AXA is concerned that the defendants are insolvent and that therefore any damages award will be an inadequate remedy.

[14]     I accept that the balance of convenience favours AXA.  That might not have been the case had all the rental income received by the fifth defendant been paid to AXA’s solicitors in trust without deduction for claimed credits.   The defendants apparently chose not to challenge the Property Law Act notices of default in a legal forum but are entering into arrangements without AXA’s consent.  The arrangements the defendants have entered into appear on their face to be odd and at the least raise an issue as to whether the defendants are seeking to subvert AXA’s rights under its securities.   The information about the insurance application, if correct, is also of concern.   In light of the unpaid rates and insurance (if correct), and that there is presently an insolvency application before the Court concerning a debt to the Fire Service, there is a real risk that damages will be an inadequate remedy.

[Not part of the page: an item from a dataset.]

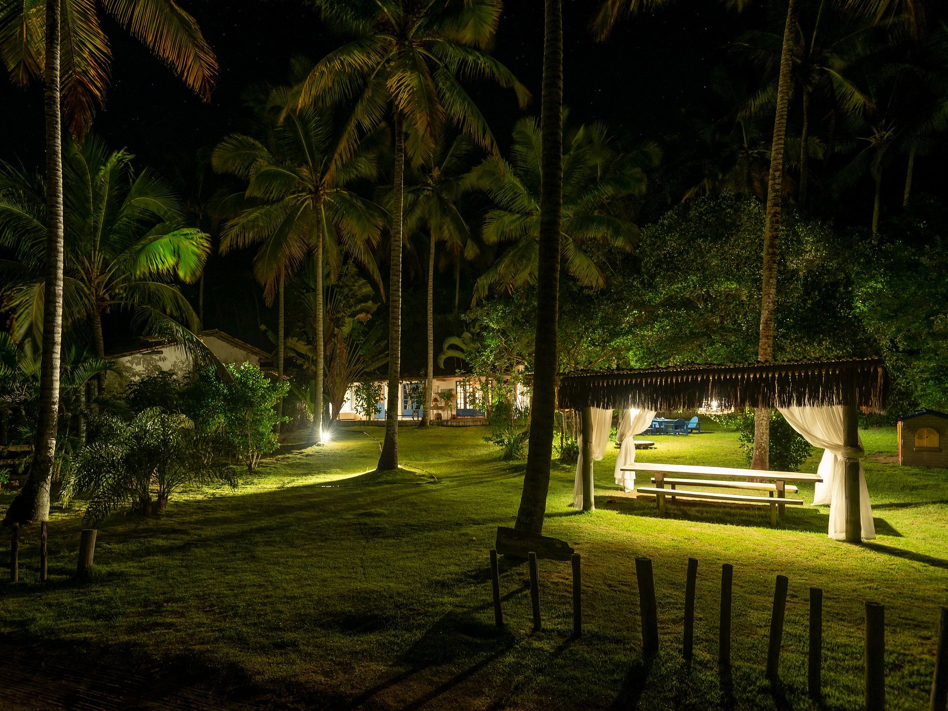 Ao explorar o exterior da Villa, você se encontrará em um gramado magnífico, cercado por coqueiros balançantes e o som suave das ondas. Este espaço idílico é perfeito para almoços ao ar livre, jantares sob as estrelas ou momentos de diversão em família.

[15]     In contrast, the defendants are less likely to suffer irreparable harm if the receivers are permitted to run the business pending the hearing of the summary judgment application.  Refinancing negotiations can continue.

[16]     Accordingly  I  make  the  orders  sought  at  paragraphs 1(a)  and  (b)  of  the interim injunction application which are as follows:

a)       Granting an interim injunction against the first defendant, the second defendant and the fifth defendant restraining them, whether acting by themselves, through their directors or employees, or in any other way whatsoever, from assigning or purporting to assign the existing leases or creating additional sublease arrangements as between them for the apartments within the property at 10 Gilmer Terrace, Wellington (as comprised and more fully described in certificates of title WN9C/86 and WN46C/783 (both Wellington Land Registration District)) (“the Property”) without first having obtained the prior written consent of AXA as mortgagee;

b)Granting an interim injunction against the fifth defendant restraining it, whether acting by itself, through its directors or employees, or in any other way whatsoever, from asserting and/or retaining possession of the Property to the exclusion of AXA as mortgagee until further order of the Court.

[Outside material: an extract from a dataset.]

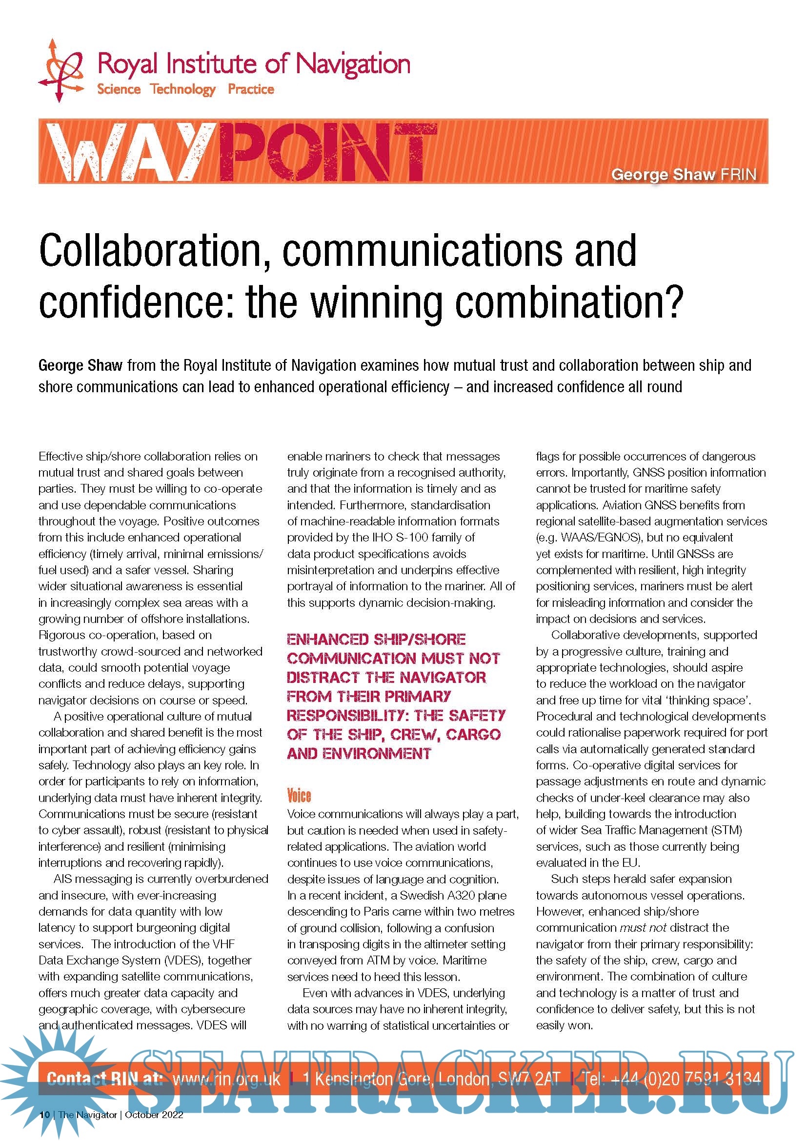 Description: The Navigator a publication from The Nautical Institute that champions the role of today's professional marine navigators.

[17] These orders are conditional on AXA filing an affidavit confirming the matters referred to at [11] above and are made on the basis that AXA will not unreasonably impede refinancing arrangements or cause harm to the operation of the day-to-day business. These orders apply until further order of the Court. For the avoidance of doubt these orders do not permit AXA to exercise its power of sale, the intention being that the business is to continue to operate pending the determination of the substantive proceeding. Leave is reserved to the parties to apply to vary or discharge the orders should that become necessary. AXA is entitled to costs.